Detection Methods for CVE-2021-42694
Indicators of Compromise
- Source code files containing mixed-script identifiers (e.g., Latin and Cyrillic characters in the same identifier)
- Presence of zero-width characters or bidirectional text markers in source code
- Multiple function or variable definitions that appear identical but have different byte sequences
- Unusual Unicode normalization behavior in repository diffs
Detection Strategies
- Implement static analysis tools that flag identifiers containing mixed Unicode scripts
- Configure IDEs and code editors to highlight non-ASCII characters in identifiers
- Use Git hooks to scan commits for suspicious Unicode patterns before acceptance
- Deploy code review tools that can display Unicode code points alongside rendered text
Monitoring Recommendations
- Enable logging for code repository changes and review for suspicious Unicode patterns
- Monitor build processes for warnings related to identifier conflicts or shadowing
- Implement automated scanning of third-party dependencies for homoglyph attacks
- Review Unicode Technical Standards TR36 and TR39 for comprehensive security guidance
How to Mitigate CVE-2021-42694
Immediate Actions Required
- Audit existing codebases for identifiers containing non-ASCII characters
- Configure development environments to visually distinguish Unicode scripts
- Implement pre-commit hooks that reject mixed-script identifiers
- Review recent contributions to critical projects for potential homoglyph attacks
Patch Information
The Unicode Consortium has documented this class of security vulnerability in Unicode Technical Report #36, Unicode Security Considerations.

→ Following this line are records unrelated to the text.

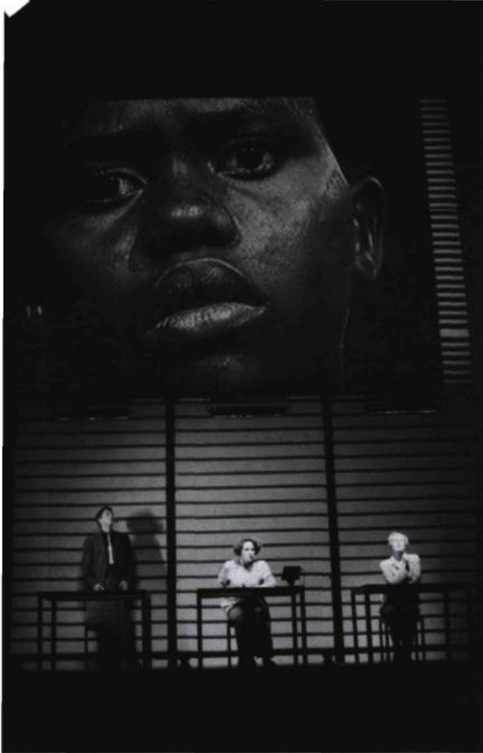
Rwanda 94 (Groupov, Belgique), présenté au FTA en 2001.

Les conditions de production sont telles, dans le théâtre institutionnel, que, même si un spectacle pose les bonnes questions – comme dans Rwanda 94 –, on peut se demander à qui il les pose. C'est à ceux qui ont déjà les réponses! À ceux qui font déjà les réponses. Tandis que le travail du théâtre d'intervention se définit aussi par ses conditions de production. Il est important de s'adresser aux gens qui subissent les réponses aux questions, donc qui subissent l'oppression.
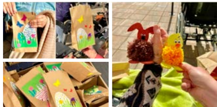
Übergabe im Diakonieverpflegheim „Hoffnung“ Marienberg

Unsere Grundschule startete in Zusammenarbeit mit dem Hort „Bunte Stifte“ die Aktion „Freude schenken“, um in dieser nicht ganz einfachen Zeit Senioren des Diakonieverpflegheimes „Hoffnung“ und der Seniorenresidenz „Am Markt“ zu Ostern zu erfreuen. Die Malereien und Basteleien sind kleine fantasievolle Kunstwerke, die unsere Schülerinnen und Schüler der Klassen 1 bis 4 gemeinsam gefertigt haben. Es entstand ein Ostergruß aus Holz mit bunt bemalten Geschenketüten und einer liebevoll gestalteten Karte. Die Übergabe wurde mit einem kleinen Programm begleitet. Das Ergebnis war überwältigend und den Bewohnerinnen und Bewohnern war die Freude förmlich ins Gesicht geschrieben.
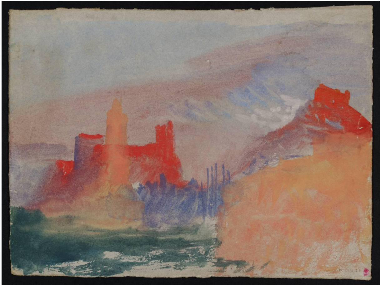
Fig.4 : Coastal Terrain and Buildings, ?South of France or Italy ? Legs Turner Carnet CCXCII 18, D28965, Tate Gallery Londres (144 x 188mm)

www.tate.org.uk/art/artworks/turner-vermilion-towers-d28965
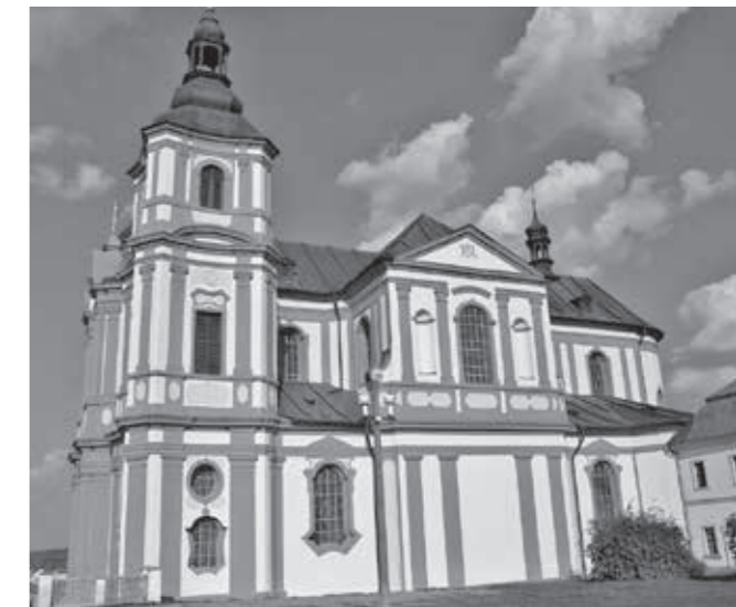
KOSTEL NANEBEVZETÍ PANNY MARIE V PŘEŠTICÍCH
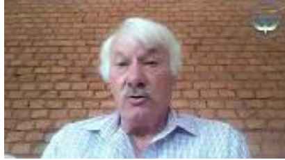
Geskiedenis van “regsinnigheid” sowel as “vroomheid” in die NG Kerk – André Olivier: Kliek hier
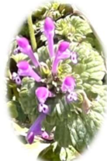
陽を浴びて花びら透けるホトケノザ
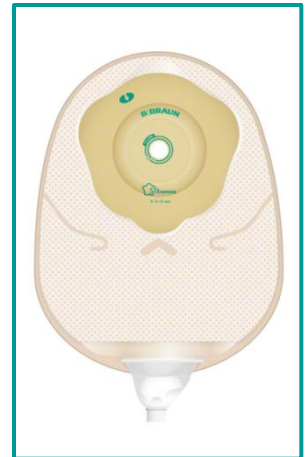
Softima® Uro Silk konveks

Guidance on mitigations is provided in Unicode Technical Standard #39, Unicode Security Mechanisms.
Major compiler and language vendors have released updates to warn about or restrict confusable identifiers:
- Refer to the Gentoo GLSA 202210-09 for distribution-specific guidance
- Consult the CERT Vulnerability Report #999008 for comprehensive mitigation strategies
Workarounds
- Restrict source code to ASCII-only identifiers in security-sensitive projects
- Enable compiler flags that warn about confusable or mixed-script identifiers where available
- Use repository-level policies to block commits containing suspicious Unicode patterns
- Implement mandatory tooling checks in CI/CD pipelines to detect homoglyph attacks before code is merged
# Example Git pre-commit hook to detect non-ASCII in identifiers
#!/bin/bash
# Scan staged files for suspicious Unicode patterns
git diff --cached --name-only | xargs grep -Pn '[^\\x00-\\x7F]' && \
echo "Warning: Non-ASCII characters detected. Review for homoglyphs." && exit 1
exit 0
Disclaimer: This content was generated using AI. While we strive for accuracy, please verify critical information with official sources.